If it’s caught in its earliest stages, DSS doesn’t necessarily guarantee that mold is being pushed out of your unit and into your home via ductwork. But you will deal with bacteria and mold if you leave it untreated. The earlier you detect an issue, the better your chances of keeping those mold spores out of your ductwork and out of your home!
Is dirty sock syndrome covered by warranty?
If you have a warranty in place with your HVAC unit that you haven’t voided or violated, then you’ll be happy to know that that warranty will cover DSS and its repairs/replacements. Even if you aren’t, though, the cost of fixing it isn’t extremely high, and it’s definitely worth your and your home’s health to treat it even if your warranty has expired!
How to prevent and treat HVAC dirty sock syndrome
Now for the important part, right? Let’s look at how you can keep your HVAC safe from DSS, preventatively or after the fact!
- Check and clean your air filters as recommended
- Clean your evaporated drain pan
- Schedule regular professional HVAC maintenance
After diagnosing DSS:
- Have a professional assessment done of your HVAC
- Deep-clean or replace your impacted evaporator coil
- Have your ductwork cleaned professionally
TIP: You can upgrade to a high-quality air filter either preventatively or after the fact for better protection of your HVAC.
How do you fix dirty sock syndrome in an HVAC?
If you want to try to tackle the DSS yourself, there are a few DIY options that you can try out. Just ensure that doing these doesn’t void any warranty for your HVAC unit. Some policies allow for maintenance or repairs to be done only by a specifically licensed HVAC technician! DIY options include:
- Making a vinegar spray
- Making a bleach spray
- Using a dirty sock syndrome spray
- Investing in a dehumidifier
Making a vinegar spray
This is a great natural choice to help disinfect and free your evaporator coil from the build-up you’re noticing. You’ll have to let the spray sit for a while so that it can do its work. You’ll also want to thoroughly clean the built-up mess and vinegar off your coil before turning it back on again.
Making a bleach spray
You’ll follow the same instructions as the vinegar for this option, but use Your Modern Family’s description of 1:8 parts bleach and water mix. This is great for those severe methods and those who want to kill the bacteria and the mold spores to keep any DSS symptoms from returning.
While it’s still not a replacement for proper preventative care after thoroughly cleaning and disinfecting your HVAC unit, this does help you start from a clean slate without replacing your evaporator coil.
Using a dirty sock syndrome spray
You can buy purpose-designed DSS sprays at stores or via your technician. These work faster and easier for your evaporated coil because they’re purpose-designed. These sprays are great choices if you have a common issue with DSS or just want to keep the work to a minimum.

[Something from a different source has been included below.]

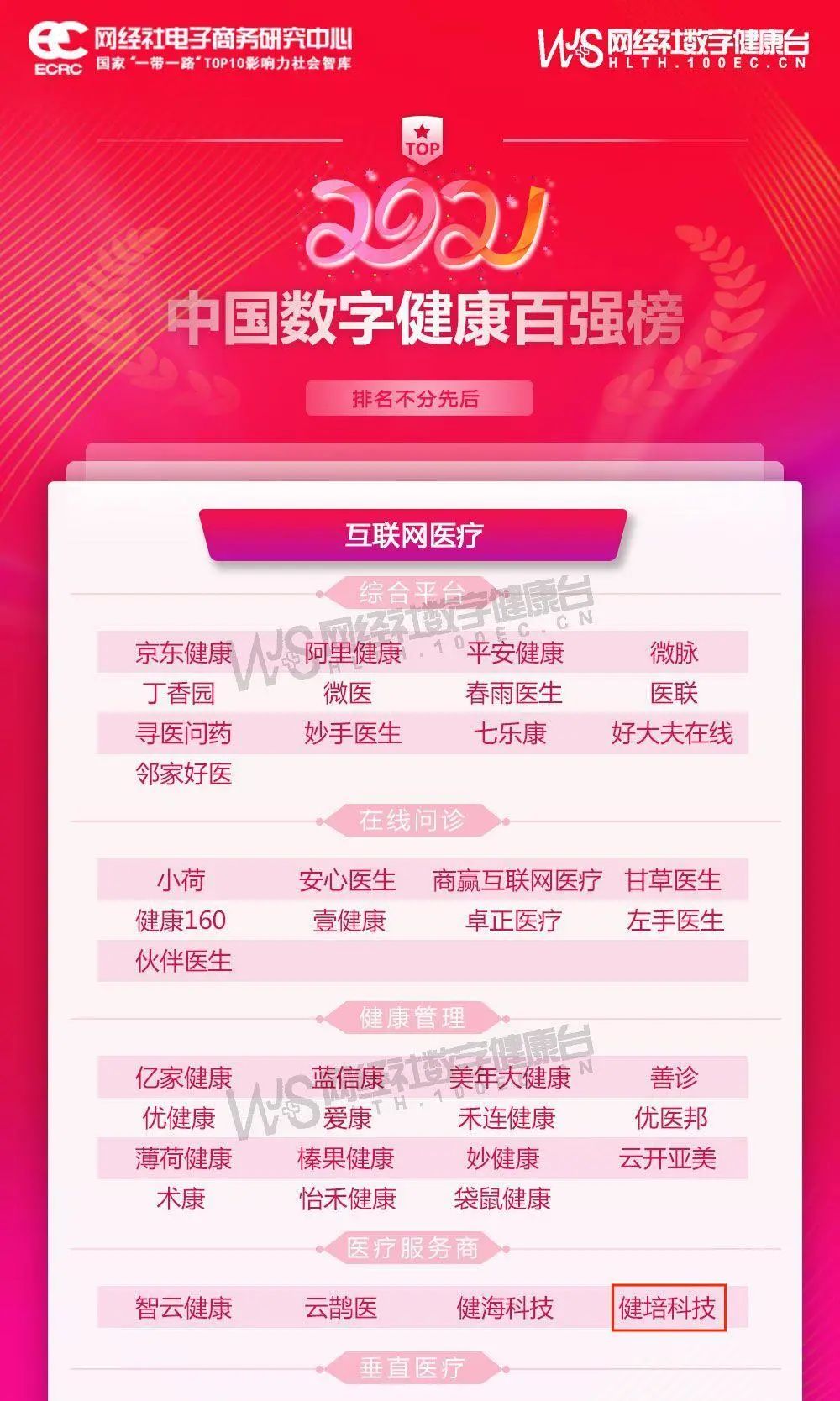 喜訊:健培科技榮登《2021年度中國數(shù)字健康 “百強榜”》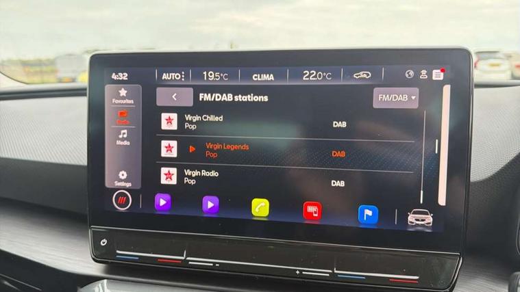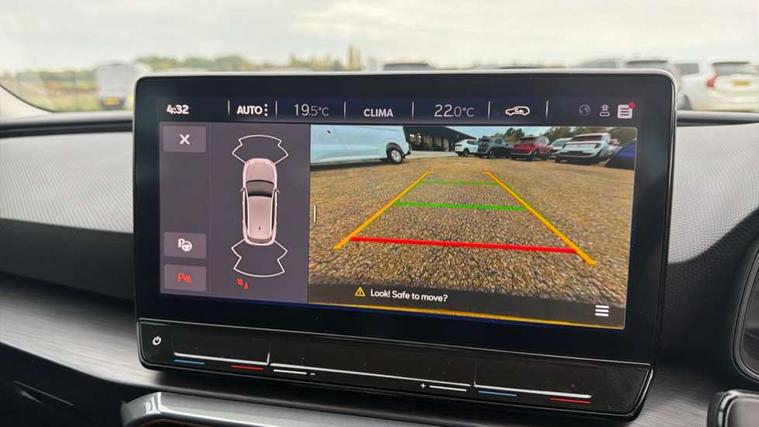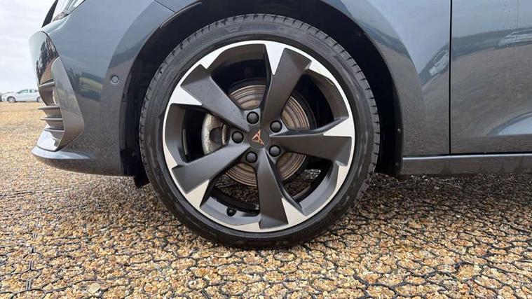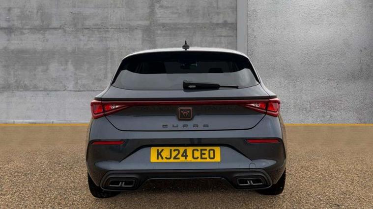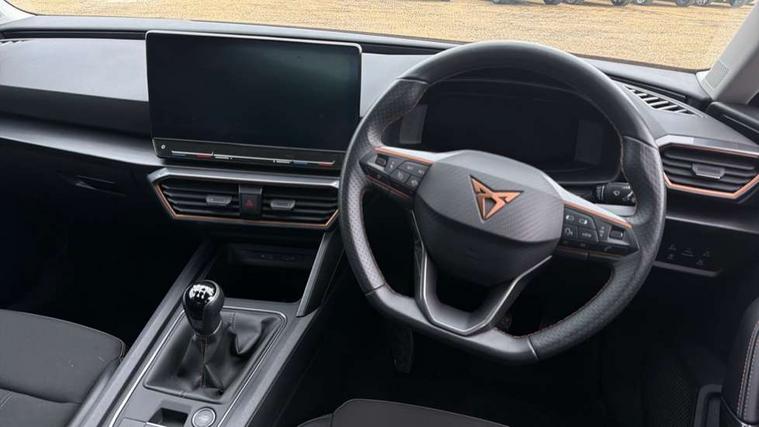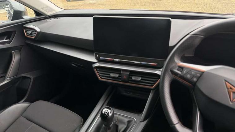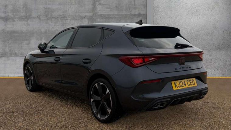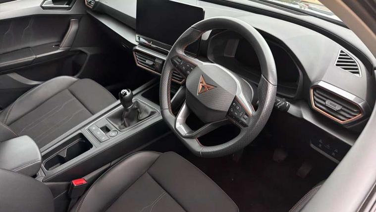CUPRA drive profile selection with (Comfort/Sport/Individual), throttle response and gearshift mode, Digital cockpit, E-call, Electro mechanical speed sensitive power steering, Four x USB Type C ports (2 in front and 2 in rear), Front assist with forward collision warning braking reaction to vehicles, pedestrians and cyclists, Full link smartphone integration with Mirror Link, wireless Apple CarPlay and wired Google Android Auto, Lane assist, Lockable tailgate, Park assist (inc front/rear parking sensors), Rear view camera, RPM, trip computer, outside temp gauge, instrument light brightness, low fuel warning light, lights on reminder, gearshift indicator, Service interval indicator, Start/stop system with regenerative braking, Wireless phone charger, Sports suspension, Auxiliary input socket, Auto dimming rear view mirror, Body colour door handles, Body coloured bumpers, Cupra sports bumpers, Dark tinted rear windows, Electric front/rear windows, Electrically adjustable, heated and folding door mirrors, LED front fog lamps with cornering function, LED headlights with dynamic turn signals, tail lights, rear fog lights with rear coast to coast lighting, Rain sensing wipers, Rear diffuser with twin exhaust pipe on each side, Rear side wing doors, Rear wash/wipe, Separate daytime running light with automatic headlight control and coming home feature, Third brake light, 12v power supply in centre console, 3 seat bench in 2nd row, 5 headrests, 60/40 split rear bench seat with armrest, Ambient lighting with glovebox, footwell and single monocolour, Cupra Leather flat bottomed, perforated steering wheel, Driver/passenger manual seat height adjustment, Folding boot cover, Front and rear reading lights X 4, Front centre armrest, Front seats manual lumbar adjustment, Grey headlining, Height/reach adjust steering wheel, Illuminated interior front door sills, ISOFIX points in outer rear seats with top tether anchorage points, Jack and tool kit, PVC/Cloth upholstery with copper stitching, Single front passenger seat, Sports seats, Sunvisors with illuminated mirror, Three zone climate control, Media system plus with navigation pack - Leon Cupra, Safety and driving pack (M) - Cupra leon, 3 point seatbelts on all rear seats, ABS, Brake control system - ESC and brake booster, Child proof door locks, Cupra black brake calipers, Driver and front passenger airbags with front passenger airbag de-activation, front side and curtain airbags, Electronic parking brake, Extended safety system - seat belt tensioner, window closure and hazard lights, Hill hold control, Rear disc brakes, Seat belt reminder for front and rear seats, Tiredness recognition system, Tyre pressure monitoring system, Anti theft alarm system with interior monitoring in cab, backup horn and towing protection, KESSY Advanced - Keyless start, keyless entry, Locking wheel bolts, Chrome and copper interior detailing, 18" Machined sport black and silver alloy wheels with 92Y tyres,

Investing in a dehumidifier
If you seem to have chronic DSS or live in a particularly humid climate, you’ll find that investing in and using a humidifier will be an excellent idea. Not only will it help make your house more comfortable, but it also will keep your unit clean and clear from DSS.
When to call an HVAC technician for help
If you ever feel that you’re getting over your head in understanding how to care for your HVAC unit or even treating DSS, calling in the pros is a good idea. It’ll save you money in the long run, as counterintuitive as it seems. Bob Villa explains having proper care by proper professionals helps reduce the lifespan of your unit and keeps those repair costs low for as long as possible.
It could be dirty sock syndrome if you have an HVAC unit that doesn’t smell right. This happens when your HVAC unit has built-up moisture, dirt, and dust that settles onto your unit’s evaporator coil.
If left long enough, it can cause mold to grow, and that mold (as well as bacteria and general dirt) will be vented back into your home through your ductwork. The grime can find a home in your evaporator coil and then multiply. You can try both DIY and outsourced options. Just know when to call in professional help!